(Records excerpted from a collection)

-*-*-

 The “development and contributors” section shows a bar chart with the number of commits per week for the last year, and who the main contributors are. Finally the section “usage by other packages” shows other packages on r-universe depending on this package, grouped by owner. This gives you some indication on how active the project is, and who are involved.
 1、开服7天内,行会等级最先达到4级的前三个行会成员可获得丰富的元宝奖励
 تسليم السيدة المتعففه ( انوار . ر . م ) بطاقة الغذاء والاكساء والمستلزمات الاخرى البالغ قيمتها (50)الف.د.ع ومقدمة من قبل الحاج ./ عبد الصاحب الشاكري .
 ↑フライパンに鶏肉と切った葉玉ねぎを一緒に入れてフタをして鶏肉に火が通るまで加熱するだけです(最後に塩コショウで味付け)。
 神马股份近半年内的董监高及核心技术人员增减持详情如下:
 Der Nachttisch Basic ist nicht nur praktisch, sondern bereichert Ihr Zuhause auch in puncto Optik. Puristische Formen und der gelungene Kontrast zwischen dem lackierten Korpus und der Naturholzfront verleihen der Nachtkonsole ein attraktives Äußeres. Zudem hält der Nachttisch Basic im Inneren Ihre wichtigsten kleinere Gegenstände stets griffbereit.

-*-*-

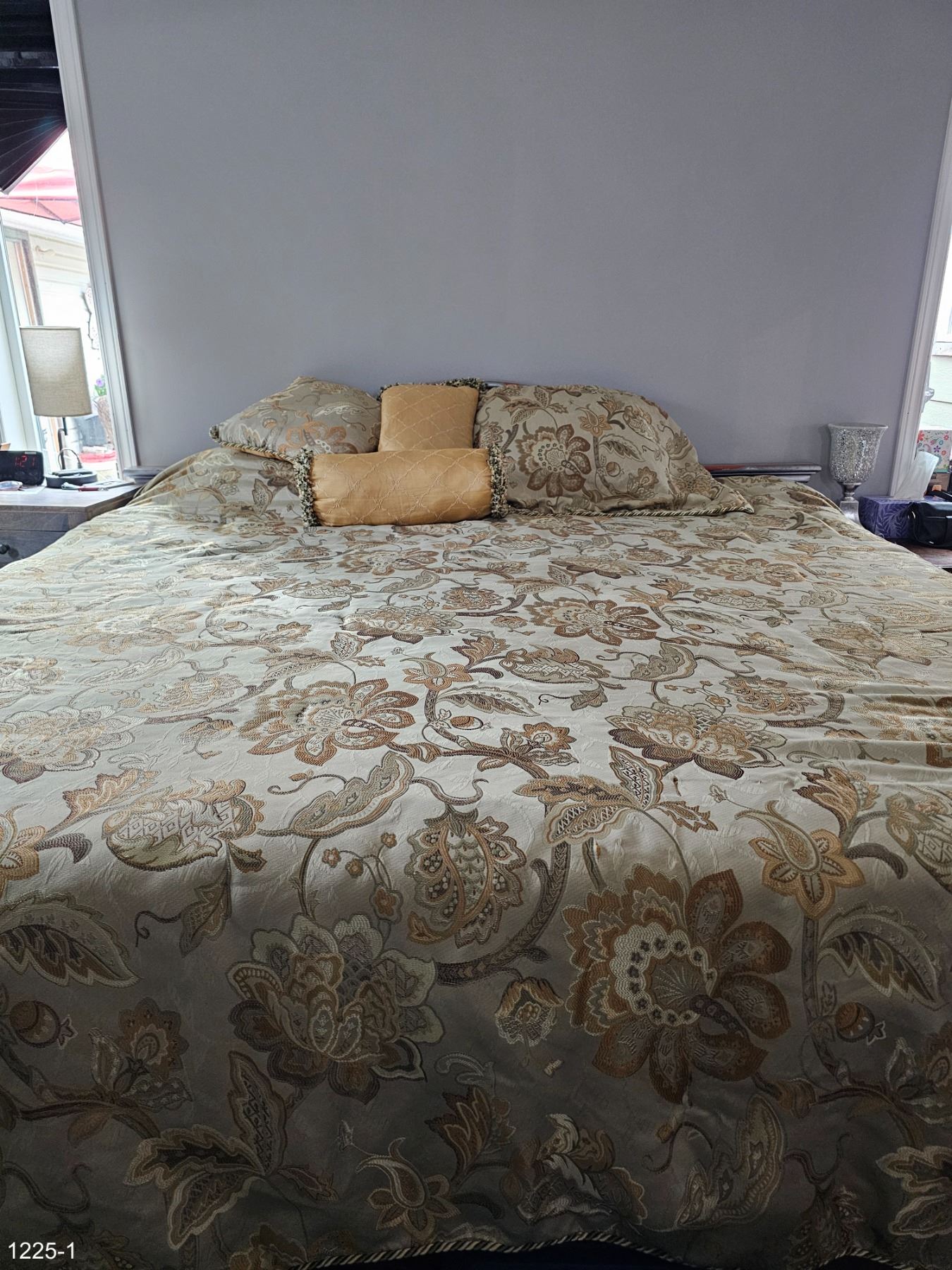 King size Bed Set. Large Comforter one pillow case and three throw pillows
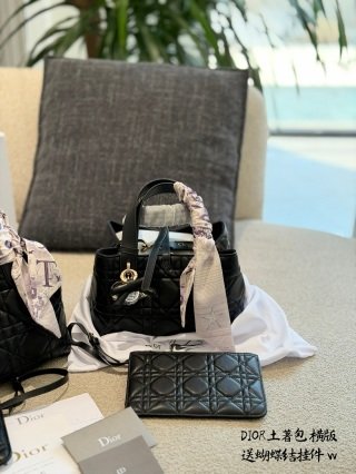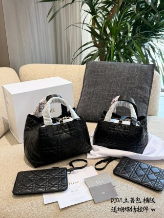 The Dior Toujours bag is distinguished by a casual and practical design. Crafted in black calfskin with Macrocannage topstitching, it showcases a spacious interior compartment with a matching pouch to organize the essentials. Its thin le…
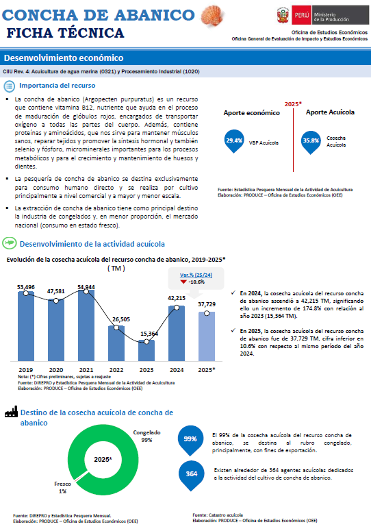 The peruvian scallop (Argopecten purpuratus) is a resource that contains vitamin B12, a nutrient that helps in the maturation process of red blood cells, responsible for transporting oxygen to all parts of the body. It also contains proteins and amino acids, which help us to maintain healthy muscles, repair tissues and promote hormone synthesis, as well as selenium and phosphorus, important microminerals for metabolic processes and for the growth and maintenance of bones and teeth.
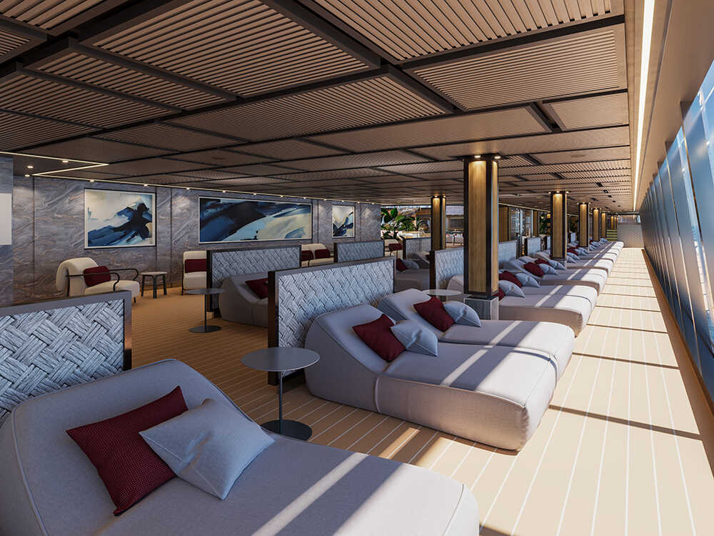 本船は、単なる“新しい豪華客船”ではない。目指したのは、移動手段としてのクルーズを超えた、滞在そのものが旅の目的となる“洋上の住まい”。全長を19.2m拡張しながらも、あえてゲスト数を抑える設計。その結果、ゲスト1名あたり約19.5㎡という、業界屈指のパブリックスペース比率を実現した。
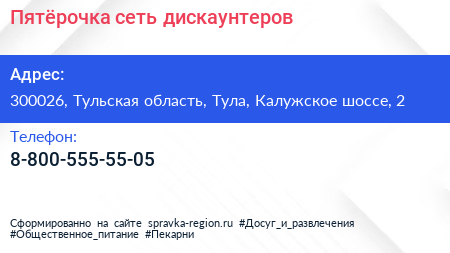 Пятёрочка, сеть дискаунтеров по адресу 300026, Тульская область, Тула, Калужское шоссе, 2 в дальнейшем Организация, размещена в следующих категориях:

-*-*-

* **WHAT IS BEING ASKED**: Starting from the line with "The Dior Toujours" in the records above, repeat each line exactly until you have written the line with "The peruvian scallop", then stop; drop the pictures.

* **EXERCISE SOLUTION**:
 The Dior Toujours bag is distinguished by a casual and practical design. Crafted in black calfskin with Macrocannage topstitching, it showcases a spacious interior compartment with a matching pouch to organize the essentials. Its thin le…
 The peruvian scallop (Argopecten purpuratus) is a resource that contains vitamin B12, a nutrient that helps in the maturation process of red blood cells, responsible for transporting oxygen to all parts of the body. It also contains proteins and amino acids, which help us to maintain healthy muscles, repair tissues and promote hormone synthesis, as well as selenium and phosphorus, important microminerals for metabolic processes and for the growth and maintenance of bones and teeth.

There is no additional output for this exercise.